- _Data below_:
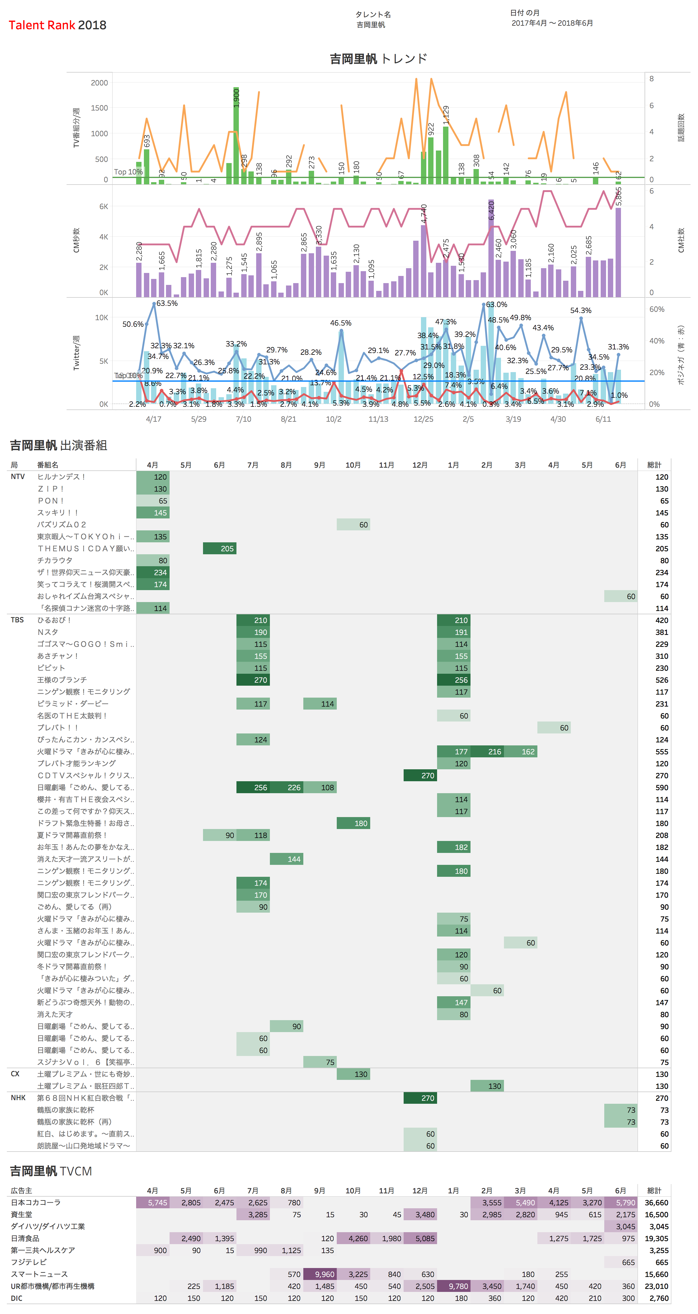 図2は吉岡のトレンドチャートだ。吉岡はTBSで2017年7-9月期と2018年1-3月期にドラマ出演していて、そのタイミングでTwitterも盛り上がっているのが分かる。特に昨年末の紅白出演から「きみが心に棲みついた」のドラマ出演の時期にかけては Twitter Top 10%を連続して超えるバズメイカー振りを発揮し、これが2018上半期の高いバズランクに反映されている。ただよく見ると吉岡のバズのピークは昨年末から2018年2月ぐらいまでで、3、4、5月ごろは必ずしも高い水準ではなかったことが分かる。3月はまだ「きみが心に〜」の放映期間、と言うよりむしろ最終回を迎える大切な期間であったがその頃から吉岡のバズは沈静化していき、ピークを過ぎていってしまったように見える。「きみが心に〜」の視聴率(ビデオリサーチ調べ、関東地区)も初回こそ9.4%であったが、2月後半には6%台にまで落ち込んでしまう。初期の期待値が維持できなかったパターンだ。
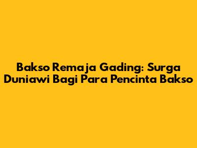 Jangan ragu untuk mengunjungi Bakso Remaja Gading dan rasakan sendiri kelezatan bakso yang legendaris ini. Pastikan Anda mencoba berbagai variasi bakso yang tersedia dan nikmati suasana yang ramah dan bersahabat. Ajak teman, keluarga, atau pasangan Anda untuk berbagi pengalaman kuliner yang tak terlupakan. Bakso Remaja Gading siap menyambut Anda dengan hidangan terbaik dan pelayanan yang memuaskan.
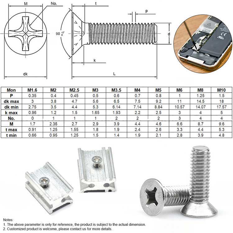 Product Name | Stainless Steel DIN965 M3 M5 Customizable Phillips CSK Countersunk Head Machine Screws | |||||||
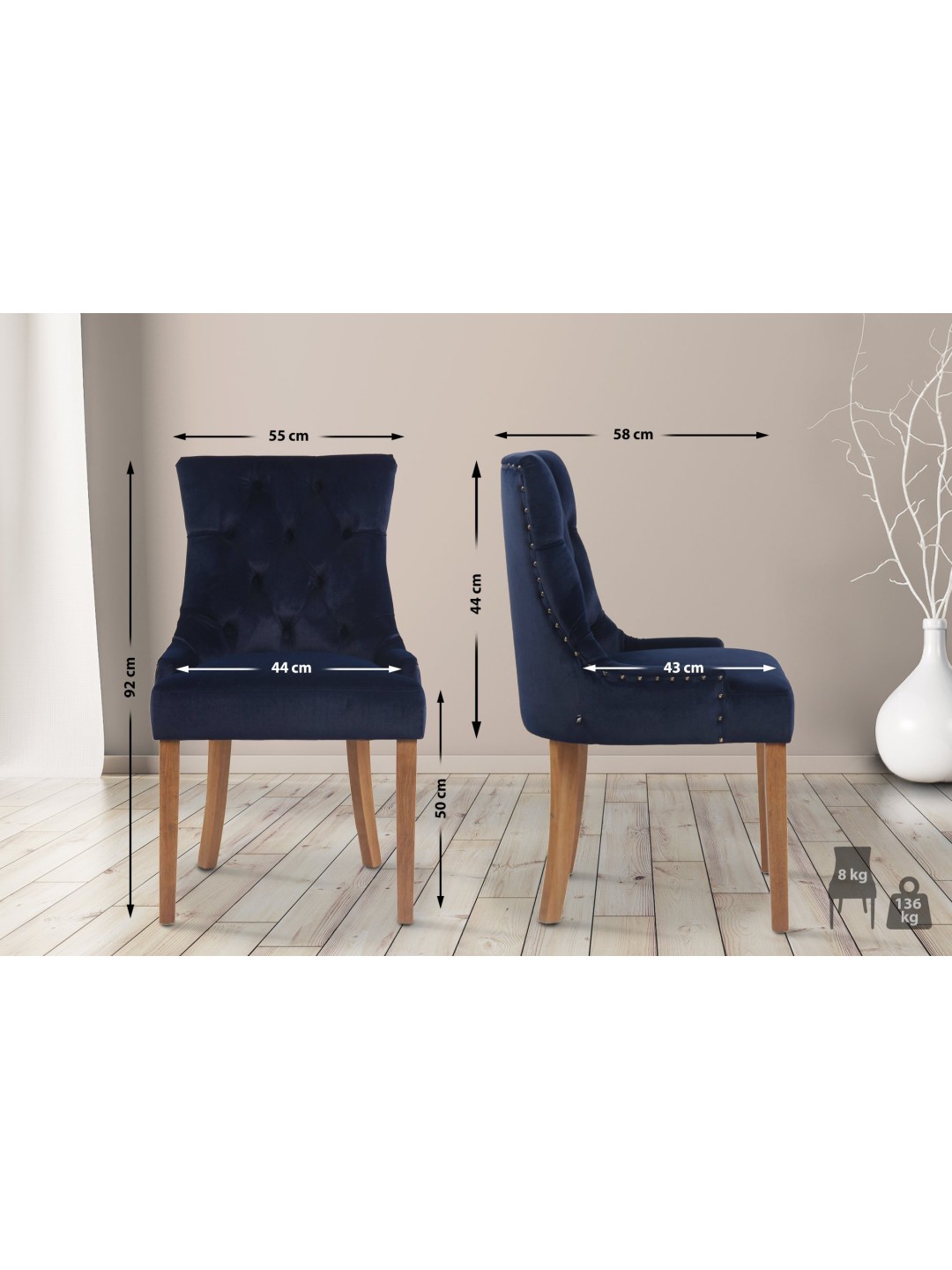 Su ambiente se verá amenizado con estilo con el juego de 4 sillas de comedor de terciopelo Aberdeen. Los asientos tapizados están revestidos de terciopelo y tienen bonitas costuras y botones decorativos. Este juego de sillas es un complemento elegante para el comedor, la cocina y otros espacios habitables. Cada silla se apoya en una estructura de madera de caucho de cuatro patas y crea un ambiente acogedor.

- _Problem_: Your reply should hold every line of the material, unaltered, and not one picture.

- _Task response_:
 図2は吉岡のトレンドチャートだ。吉岡はTBSで2017年7-9月期と2018年1-3月期にドラマ出演していて、そのタイミングでTwitterも盛り上がっているのが分かる。特に昨年末の紅白出演から「きみが心に棲みついた」のドラマ出演の時期にかけては Twitter Top 10%を連続して超えるバズメイカー振りを発揮し、これが2018上半期の高いバズランクに反映されている。ただよく見ると吉岡のバズのピークは昨年末から2018年2月ぐらいまでで、3、4、5月ごろは必ずしも高い水準ではなかったことが分かる。3月はまだ「きみが心に〜」の放映期間、と言うよりむしろ最終回を迎える大切な期間であったがその頃から吉岡のバズは沈静化していき、ピークを過ぎていってしまったように見える。「きみが心に〜」の視聴率(ビデオリサーチ調べ、関東地区)も初回こそ9.4%であったが、2月後半には6%台にまで落ち込んでしまう。初期の期待値が維持できなかったパターンだ。
 Jangan ragu untuk mengunjungi Bakso Remaja Gading dan rasakan sendiri kelezatan bakso yang legendaris ini. Pastikan Anda mencoba berbagai variasi bakso yang tersedia dan nikmati suasana yang ramah dan bersahabat. Ajak teman, keluarga, atau pasangan Anda untuk berbagi pengalaman kuliner yang tak terlupakan. Bakso Remaja Gading siap menyambut Anda dengan hidangan terbaik dan pelayanan yang memuaskan.
 Product Name | Stainless Steel DIN965 M3 M5 Customizable Phillips CSK Countersunk Head Machine Screws | |||||||
 Su ambiente se verá amenizado con estilo con el juego de 4 sillas de comedor de terciopelo Aberdeen. Los asientos tapizados están revestidos de terciopelo y tienen bonitas costuras y botones decorativos. Este juego de sillas es un complemento elegante para el comedor, la cocina y otros espacios habitables. Cada silla se apoya en una estructura de madera de caucho de cuatro patas y crea un ambiente acogedor.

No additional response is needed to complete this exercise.